Sighs Klitscher: "Nowhere are we saying that we need to arm ourselves to the teeth and have intercontinental missiles and whatever. All we're saying is that 0.86 percent as a proportion of GDP is far below what we can afford if we wanted to - and maybe we can afford a bit more."
==The Bruce & Jerry show==
Four years and two months after taking the helm of the troubled New Zealand Defence Force, Air Marshal Bruce Ferguson is stepping down, confident that he leaves the organisation in better shape than when he took over.
There can be little doubt of that. Back in 2002 the NZDF was rent by inter-service tribalism, public squabbling over scarce resources and the embarrassing backwash of equipment failures in Bosnia and East Timor; today it presents a much more unified image, strengthened by administrative restructuring, a re-equipment programme and several funding boosts from the Labour government. Ferguson's successor, Major-General Jerry Mateparae, has something to build on when he takes over on May 1.

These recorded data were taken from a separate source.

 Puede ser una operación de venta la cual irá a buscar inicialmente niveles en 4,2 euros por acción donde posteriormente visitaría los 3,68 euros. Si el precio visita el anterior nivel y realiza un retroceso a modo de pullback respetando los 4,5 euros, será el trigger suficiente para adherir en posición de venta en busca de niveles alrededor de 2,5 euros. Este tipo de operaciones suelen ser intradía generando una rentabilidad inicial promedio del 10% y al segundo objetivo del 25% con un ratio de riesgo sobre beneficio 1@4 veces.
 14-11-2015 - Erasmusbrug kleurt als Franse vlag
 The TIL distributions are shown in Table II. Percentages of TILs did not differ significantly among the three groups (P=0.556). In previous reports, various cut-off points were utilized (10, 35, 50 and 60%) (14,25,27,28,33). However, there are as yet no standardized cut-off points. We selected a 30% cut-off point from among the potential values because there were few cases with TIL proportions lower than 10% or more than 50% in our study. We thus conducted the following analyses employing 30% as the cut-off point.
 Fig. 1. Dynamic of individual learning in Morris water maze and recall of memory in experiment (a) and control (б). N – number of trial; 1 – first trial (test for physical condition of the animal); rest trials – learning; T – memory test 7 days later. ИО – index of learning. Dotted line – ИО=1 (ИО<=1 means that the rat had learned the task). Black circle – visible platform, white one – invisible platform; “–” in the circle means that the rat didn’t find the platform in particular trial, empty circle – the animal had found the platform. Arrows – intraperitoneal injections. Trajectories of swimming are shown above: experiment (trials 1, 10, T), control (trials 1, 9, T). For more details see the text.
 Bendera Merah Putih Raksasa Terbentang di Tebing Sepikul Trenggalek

He'll even have an entire deployable army battalion to put in the field if he wants - something that could not always be guaranteed in the recent past. The acquisition of a new fleet of light armoured vehicles known as LAVs makes that possible, even if going to war in a LAV is not every soldier's idea of military glory.
Ferguson robustly rebuts the view of some critics (see main story) that the LAVs are not up to the job and sticks up for the Air Force as well, in the face of cracks likening the somewhat reduced RNZAF to an extinct flightless bird.

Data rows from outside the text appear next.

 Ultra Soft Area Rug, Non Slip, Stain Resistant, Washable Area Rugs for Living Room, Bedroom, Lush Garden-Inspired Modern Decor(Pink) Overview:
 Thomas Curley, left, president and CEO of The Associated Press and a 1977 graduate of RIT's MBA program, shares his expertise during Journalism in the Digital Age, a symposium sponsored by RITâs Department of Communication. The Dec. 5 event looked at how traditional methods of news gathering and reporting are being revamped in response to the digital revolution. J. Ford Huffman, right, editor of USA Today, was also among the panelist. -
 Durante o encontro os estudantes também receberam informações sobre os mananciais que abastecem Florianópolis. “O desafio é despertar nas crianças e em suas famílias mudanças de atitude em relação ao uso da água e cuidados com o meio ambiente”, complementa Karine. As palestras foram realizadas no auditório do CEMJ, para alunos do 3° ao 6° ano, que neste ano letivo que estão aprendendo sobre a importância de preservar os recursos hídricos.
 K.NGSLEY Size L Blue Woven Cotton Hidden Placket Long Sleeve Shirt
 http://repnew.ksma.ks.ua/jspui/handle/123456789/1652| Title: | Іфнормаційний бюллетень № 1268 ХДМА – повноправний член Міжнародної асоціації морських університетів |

"Morale is high, retention is high, and there are more people than we can possibly handle trying to get into the Air Force," says Ferguson. "That to me does not signify a service which is dead, if I believed what I call the old farts out there who are trying to live in the last century."
Not being able to exercise with the US has been a constraint on New Zealand's defence forces, he admits, but it hasn't put lives at stake overseas, "because when we need the training for operational reasons, the Americans have given it to us".

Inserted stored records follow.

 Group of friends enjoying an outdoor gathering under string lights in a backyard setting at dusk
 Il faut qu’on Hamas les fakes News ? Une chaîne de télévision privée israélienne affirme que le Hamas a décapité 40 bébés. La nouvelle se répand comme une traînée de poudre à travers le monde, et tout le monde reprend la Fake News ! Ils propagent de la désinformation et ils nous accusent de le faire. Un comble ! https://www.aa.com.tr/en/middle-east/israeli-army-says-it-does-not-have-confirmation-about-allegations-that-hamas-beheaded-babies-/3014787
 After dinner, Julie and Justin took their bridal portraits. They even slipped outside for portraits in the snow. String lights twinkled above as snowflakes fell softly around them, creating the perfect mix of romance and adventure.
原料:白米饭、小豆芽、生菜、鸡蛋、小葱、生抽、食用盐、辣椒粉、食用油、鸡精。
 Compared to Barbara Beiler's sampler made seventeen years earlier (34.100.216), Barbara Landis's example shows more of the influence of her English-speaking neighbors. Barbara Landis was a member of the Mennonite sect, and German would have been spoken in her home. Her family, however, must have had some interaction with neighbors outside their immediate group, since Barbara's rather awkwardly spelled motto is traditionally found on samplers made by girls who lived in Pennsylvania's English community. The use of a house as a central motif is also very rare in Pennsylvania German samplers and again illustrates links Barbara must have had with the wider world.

No, the American military do not provide us with their most up-to-date technology, but then, he claims, they don't provide anyone else with it either: "They intend to keep a complete generation ahead of everybody, even the British, their closest allies."
As for not pulling our weight with allies like Australia, Ferguson replies: "I have never once been criticised to my face by the Australians, the Canadians, the British or the Americans. In fact, the contrary is true. If you look at the record in the past three months, we've had four four-star American generals here. They don't come to countries that aren't pulling their weight."